Protected area in Norfolk, England

New Buckenham Common is a common of which 20.9 ha is a biological Site of Special Scientific Interest, located in New Buckenham, Norfolk, England. It is managed by the Norfolk Wildlife Trust.

The Common is about 100 acres and is divided roughly in half by 'The Turnpike' B1113 road to Norwich. A stream also crosses the Common. It is said to have remained largely unchanged for 800 years, and was the subject of a dispute when in 1597 the neighboring parish of Carleton Rode claimed part of the common which led to a map which records the settlement.

The land belongs to and is managed by the Norfolk Wildlife Trust. Much of the north side is a Site of Special Scientific Interest (SSSI) with rare plants including green-winged orchids. There are also clay pits where marl has been historically dug for building.

The Common is also an ancient grazing pasture grazed annually by cattle due to the continued tradition of about 79 Common Rights that are actively managed by their owners and pooled for letting to the grazier to continue the tradition. The Common Rights entitle their owners to graze 'a horse, mare or neat beast' (an animal of cloven hoof such as cattle). Historically there was great demand for the annual letting of the Common Rights, which were auctioned for the year's grazing, each Spring, because the grazing of cattle was popular amongst local farmers or householders who might own a beast as a group.
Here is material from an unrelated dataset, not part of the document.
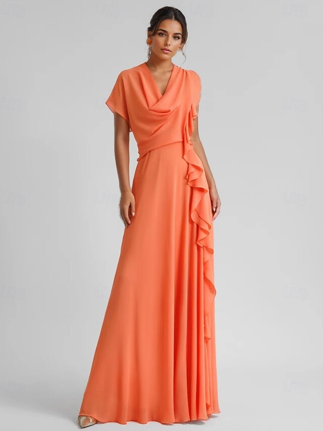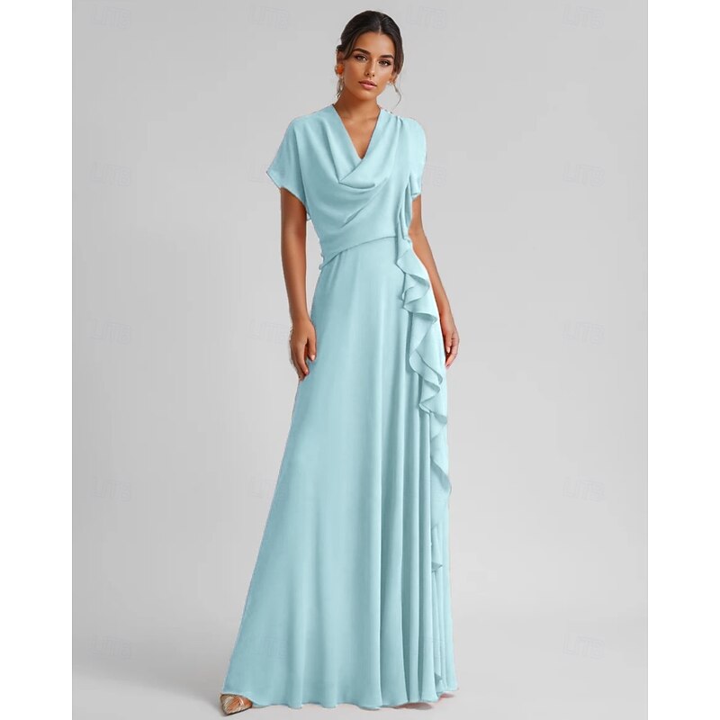$129.99 - A-Line Cocktail Elegant Wedding Guest Dress Formal Floor Length 3/4 Length Sleeve V Neck Chiffon with Ruched Ruffles 2025. Shop for cheap Formal / Black Tie online? Buy at lightinthebox.com on sale today!

Cattle became an important aspect of the region's farming economy after the decline of the wool and sheep trade in the 18th century. Originally the Rights were allocated amongst local houses, in 1770, and are therefore held as whole rights or 14th fractions of rights. By the mid 1960s the demand had fallen; the rightholders formed a group and have continued to let the rights privately to a grazier direct. Some of the rights on the common were lost as they were not registered when required under the Commons Registration Act in the mid 1960s.

Another common exists in New Buckenham: the village green, known as the Market Place.